Beatrice había amado la belleza toda su vida.
¿Cuánto dolor había sentido? ¿Cuánto miedo? Su piel destruida, mientras que la de Isabella permanecía intacta.
¿Qué había pensado en esos últimos momentos?
Isabella cerró los ojos. Las lágrimas resbalaron sin hacer ruido.
La ira de William aumentó. La pateó contra el vidrio.
Los fragmentos se clavaron en su piel, la sangre brotando en finas líneas. No se inmutó, solo continuó recogiendo los pedazos.

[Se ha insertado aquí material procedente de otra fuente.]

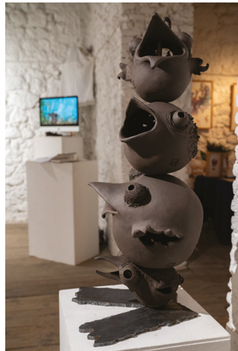
Coquecigrues de Brème grès noir et métal - 2025 400 x 400 x 800 mm

Exposition « Quartiers libres » (Barraux - 38) - 2025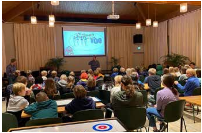
Z-Nordberg feiret med gamle og nye deltakere på fredag.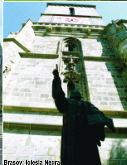
Brasov: Iglesia Negra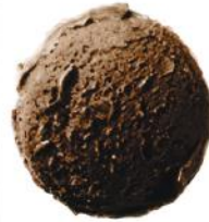
Manjari šokolado ledai MANJARI chocolate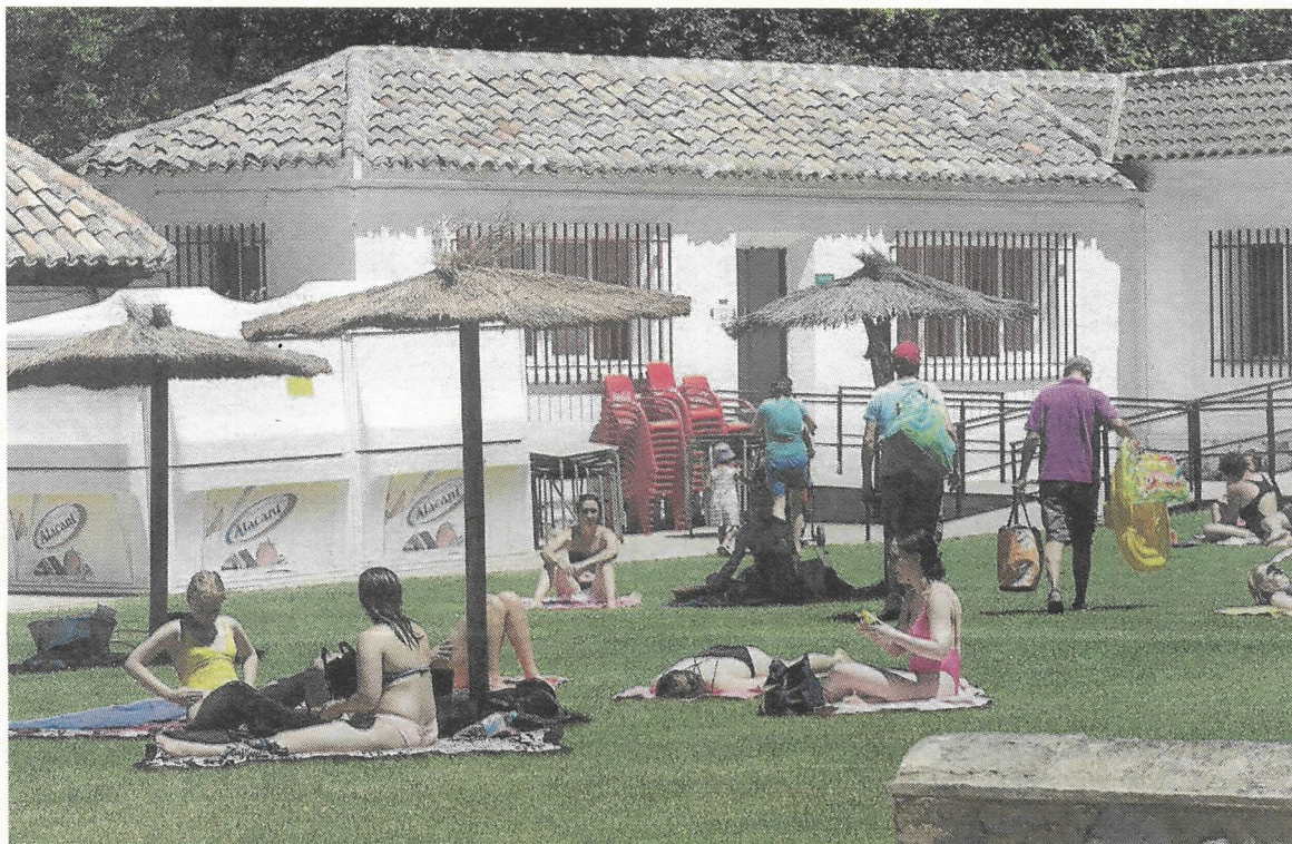
Bañistas en una piscina de la provincia, en una imagen de archivo.

El 29 de mayo, hasta 21 ayuntamientos de la zona de Talavera acordaron conjuntamente cerrar las piscinas en verano. Días después, 17 localidades de la Sierra de San Vicente hacían lo propio. Y ayer un total de 35 municipios de La Sagra y Torrijos suscribían la misma decisión. Se trataba de Alameda de la Sagra, Albarreal de Tajo, Añover de Tajo, Arcicóllar, Barcience, Bargas, Borox, Burujón, Cabañas de la Sagra, Camarena, Carranque, Casarrubios del Monte, Cedillo del Condado, Chozas de Canales, Cobija, Esquivias, Lominchar, La Torre de Esteban Hambrán, Magán, Maqueda, Mocejón, Novés, Numancia de la Sagra, Olías del Rey, Palomeque, Pantoja, Portillo, Re-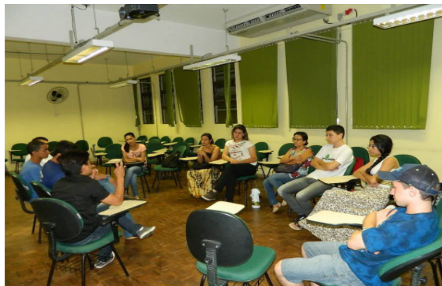
Ciclo do curso Bacharelado Interdisciplinar em Ciência e Tecnologia.

Sus dedos sangraban, pero se movía como si estuviera entumecida.
Su voz era hielo. —Ella te protegió hasta el final. Tu vida es suya. Recuerda—todo lo que sufres ahora… te lo mereces.
—Vive bien. Me aseguraré de que te arrepientas de haberte casado conmigo.
La levantó de un tirón, arrojándola sobre la cama, sus manos ásperas, su toque brutal.
El dolor desgarró su cuerpo. Sus ojos se abrieron, captando la fotografía en la mesita de noche—Beatrice, sonriendo.
El frío recorrió sus venas. Luchó, las lágrimas deslizándose por su rostro.
—No… ¡no!
Su estómago se revolvió. El dolor se extendió como fuego. Su rostro perdió color. Su grito se rompió en un jadeo hueco.
El agarre de William se torció en su cabello. —¿No es esto lo que querías?
Su sangre se heló. Un zumbido llenó sus oídos. Luego… nada.
Todos le preguntaban por qué no había sido ella quien murió.
Nadie sabía que ella se hacía la misma pregunta más que nadie.
'Beatrice… ¿por qué… por qué no fui yo?'
Una sola lágrima resbaló por su mejilla. Su cabeza cayó hacia adelante, su pecho vacío como si algo hubiera sido arrancado.
Si hubiera sido ella quien murió… cuánto más fácil habría sido.